--- Material for this task Enclosed Below ---
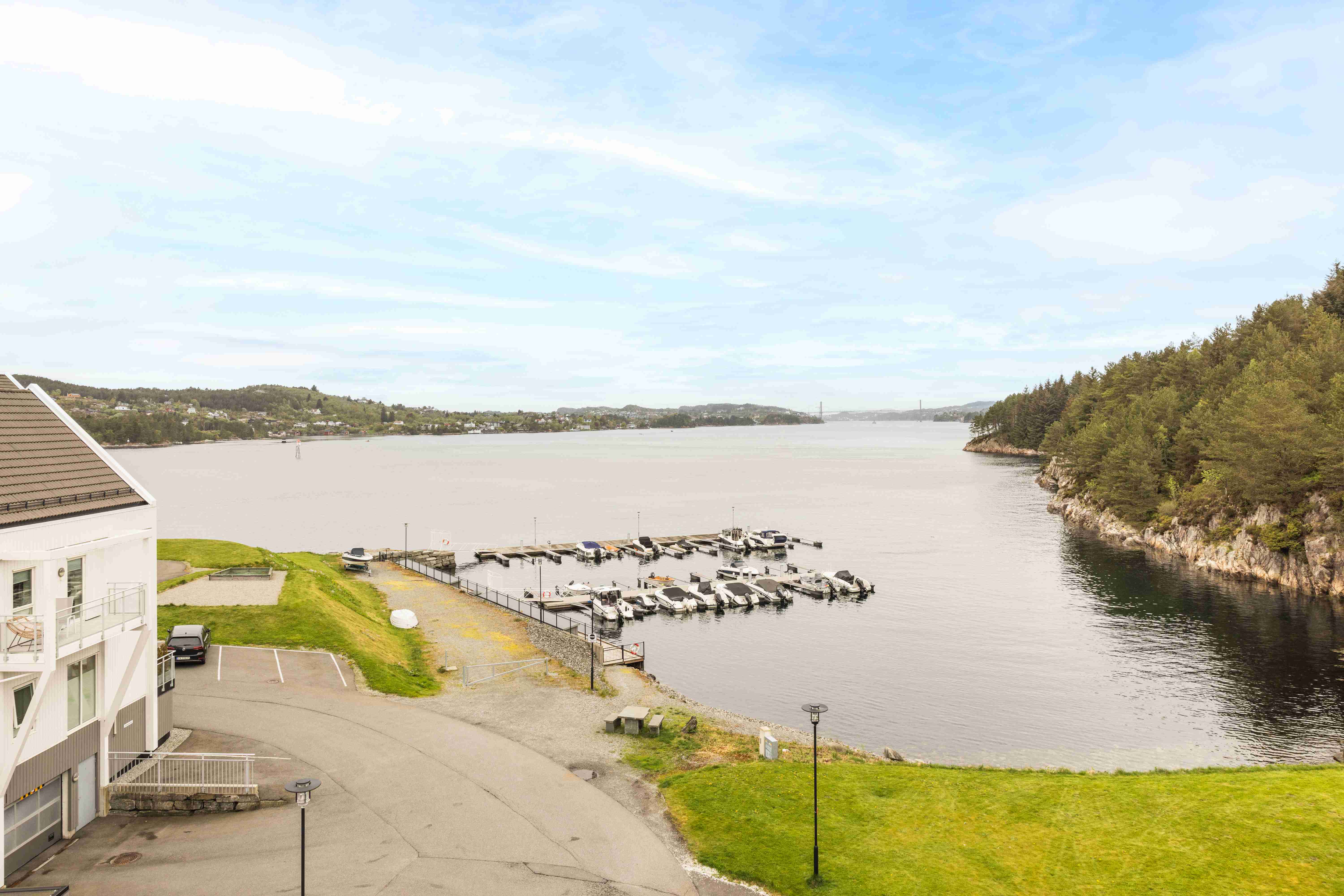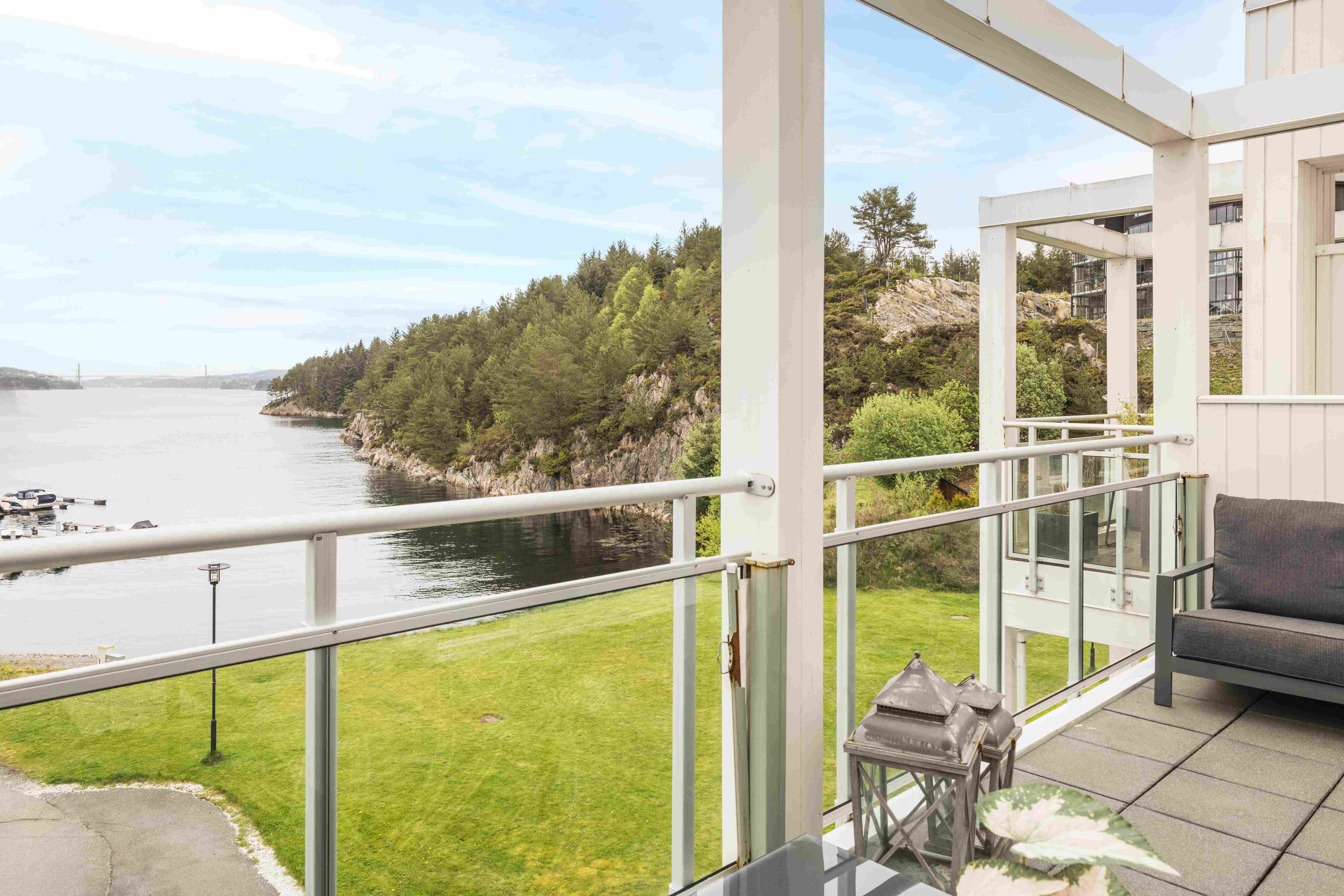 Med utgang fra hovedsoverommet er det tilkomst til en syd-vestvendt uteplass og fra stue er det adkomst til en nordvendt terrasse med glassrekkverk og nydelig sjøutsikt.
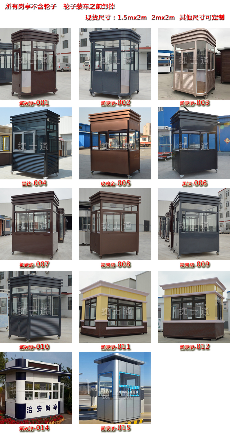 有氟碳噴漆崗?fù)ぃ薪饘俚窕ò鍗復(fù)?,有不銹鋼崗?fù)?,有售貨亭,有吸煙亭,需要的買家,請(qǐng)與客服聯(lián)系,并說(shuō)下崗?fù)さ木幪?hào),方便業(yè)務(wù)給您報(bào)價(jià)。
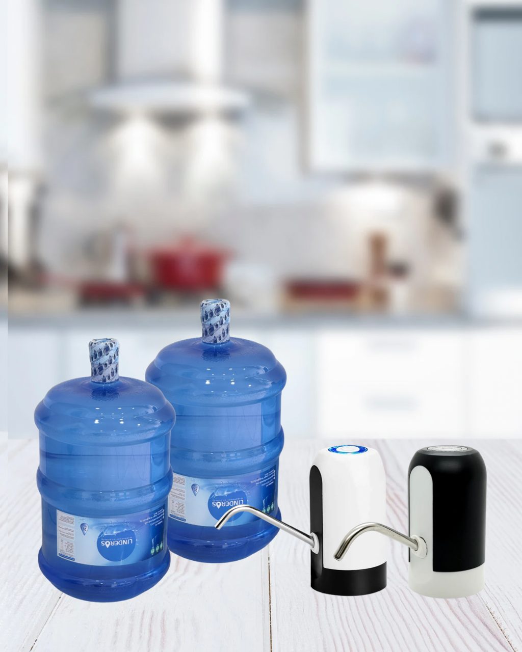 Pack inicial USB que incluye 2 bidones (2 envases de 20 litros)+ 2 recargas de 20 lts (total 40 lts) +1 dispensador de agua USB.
--- End of Enclosed Material for this task ---
--- Material for this task Enclosed Below ---
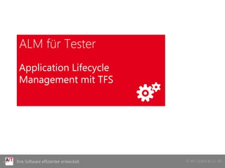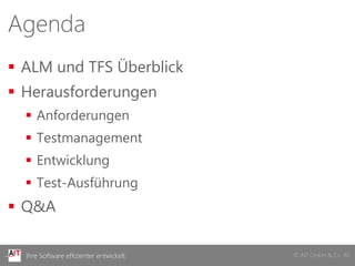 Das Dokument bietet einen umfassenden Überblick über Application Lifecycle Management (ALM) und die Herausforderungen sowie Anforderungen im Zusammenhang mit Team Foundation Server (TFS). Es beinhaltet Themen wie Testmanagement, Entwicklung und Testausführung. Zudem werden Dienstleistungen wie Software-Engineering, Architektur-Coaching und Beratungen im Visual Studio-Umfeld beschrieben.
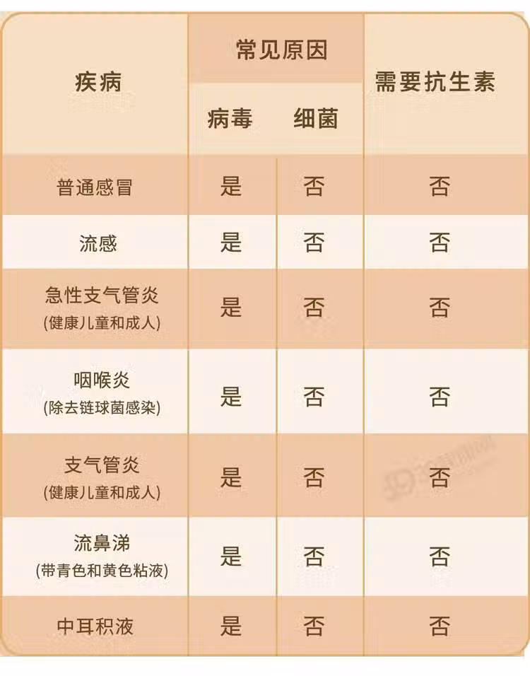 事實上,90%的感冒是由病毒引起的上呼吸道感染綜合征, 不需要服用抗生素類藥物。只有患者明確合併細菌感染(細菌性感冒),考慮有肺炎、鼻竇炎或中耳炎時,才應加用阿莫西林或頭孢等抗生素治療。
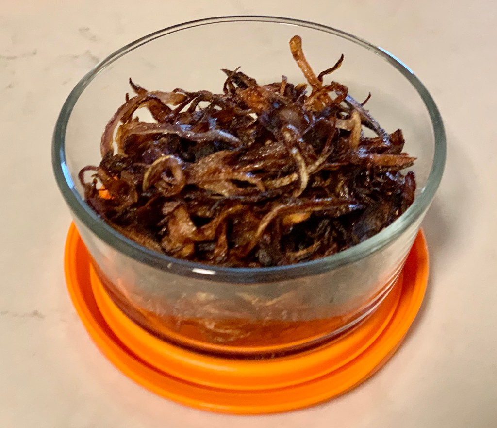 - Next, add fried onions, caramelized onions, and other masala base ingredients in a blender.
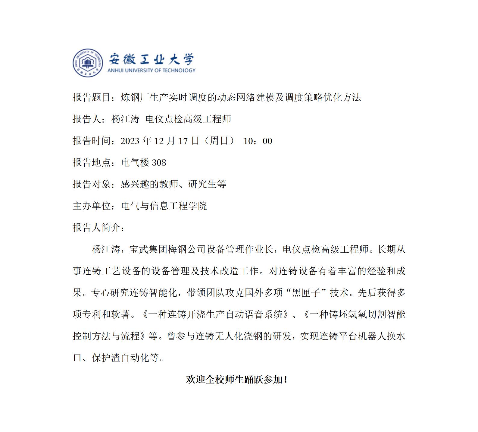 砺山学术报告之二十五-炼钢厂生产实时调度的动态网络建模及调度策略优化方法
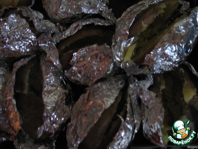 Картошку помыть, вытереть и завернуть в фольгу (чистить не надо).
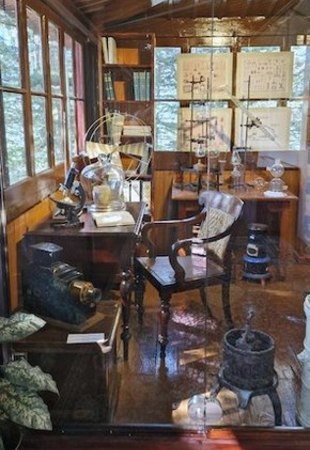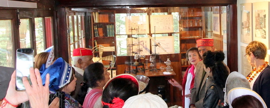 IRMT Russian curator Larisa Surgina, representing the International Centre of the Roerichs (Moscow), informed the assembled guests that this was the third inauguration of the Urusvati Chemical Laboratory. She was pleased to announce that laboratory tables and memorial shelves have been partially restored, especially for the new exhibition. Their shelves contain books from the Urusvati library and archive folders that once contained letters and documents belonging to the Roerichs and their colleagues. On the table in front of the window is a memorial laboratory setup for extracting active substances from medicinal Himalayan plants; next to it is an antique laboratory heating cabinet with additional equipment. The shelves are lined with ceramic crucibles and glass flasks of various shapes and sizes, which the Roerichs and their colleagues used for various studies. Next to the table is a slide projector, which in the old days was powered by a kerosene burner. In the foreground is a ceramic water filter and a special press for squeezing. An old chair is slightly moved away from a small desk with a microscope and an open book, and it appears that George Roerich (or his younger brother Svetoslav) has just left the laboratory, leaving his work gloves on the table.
--- End of Enclosed Material for this task ---
--- Material for this task Enclosed Below ---
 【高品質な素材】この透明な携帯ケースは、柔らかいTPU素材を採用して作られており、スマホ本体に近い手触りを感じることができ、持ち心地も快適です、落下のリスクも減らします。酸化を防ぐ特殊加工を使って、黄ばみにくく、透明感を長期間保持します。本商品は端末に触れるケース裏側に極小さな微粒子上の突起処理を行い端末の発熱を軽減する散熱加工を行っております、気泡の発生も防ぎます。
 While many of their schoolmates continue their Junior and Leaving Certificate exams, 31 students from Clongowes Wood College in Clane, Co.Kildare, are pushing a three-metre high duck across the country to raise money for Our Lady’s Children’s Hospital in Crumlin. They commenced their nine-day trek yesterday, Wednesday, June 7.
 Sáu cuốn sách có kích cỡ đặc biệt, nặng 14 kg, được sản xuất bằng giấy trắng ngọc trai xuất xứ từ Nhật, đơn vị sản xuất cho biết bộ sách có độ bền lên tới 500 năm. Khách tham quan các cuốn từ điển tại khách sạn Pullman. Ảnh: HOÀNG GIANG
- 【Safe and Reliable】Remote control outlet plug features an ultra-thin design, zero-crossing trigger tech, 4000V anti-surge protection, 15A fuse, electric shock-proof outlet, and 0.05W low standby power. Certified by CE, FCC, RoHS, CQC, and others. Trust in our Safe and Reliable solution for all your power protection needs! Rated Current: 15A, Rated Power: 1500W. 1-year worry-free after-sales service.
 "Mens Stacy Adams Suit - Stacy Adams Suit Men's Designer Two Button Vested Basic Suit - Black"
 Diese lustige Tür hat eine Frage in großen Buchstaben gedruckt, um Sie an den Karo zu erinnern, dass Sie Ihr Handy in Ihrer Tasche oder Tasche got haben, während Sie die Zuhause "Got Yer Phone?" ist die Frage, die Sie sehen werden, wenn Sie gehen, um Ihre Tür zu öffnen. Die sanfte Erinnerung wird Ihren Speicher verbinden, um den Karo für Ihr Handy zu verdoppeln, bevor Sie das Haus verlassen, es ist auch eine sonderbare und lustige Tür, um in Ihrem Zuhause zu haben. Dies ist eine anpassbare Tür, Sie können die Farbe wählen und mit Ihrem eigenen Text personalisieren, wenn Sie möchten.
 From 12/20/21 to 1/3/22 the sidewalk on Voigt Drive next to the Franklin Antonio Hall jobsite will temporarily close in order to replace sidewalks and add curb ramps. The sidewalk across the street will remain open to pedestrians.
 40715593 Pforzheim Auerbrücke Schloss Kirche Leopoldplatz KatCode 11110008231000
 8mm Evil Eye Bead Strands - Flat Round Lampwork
--- End of Enclosed Material for this task ---
## Activity
From the records above, quote only the lines running from the line with "From 12/20/21 to" to the line with "8mm Evil Eye", both lines included.

## Task output
 From 12/20/21 to 1/3/22 the sidewalk on Voigt Drive next to the Franklin Antonio Hall jobsite will temporarily close in order to replace sidewalks and add curb ramps. The sidewalk across the street will remain open to pedestrians.
 40715593 Pforzheim Auerbrücke Schloss Kirche Leopoldplatz KatCode 11110008231000
 8mm Evil Eye Bead Strands - Flat Round Lampwork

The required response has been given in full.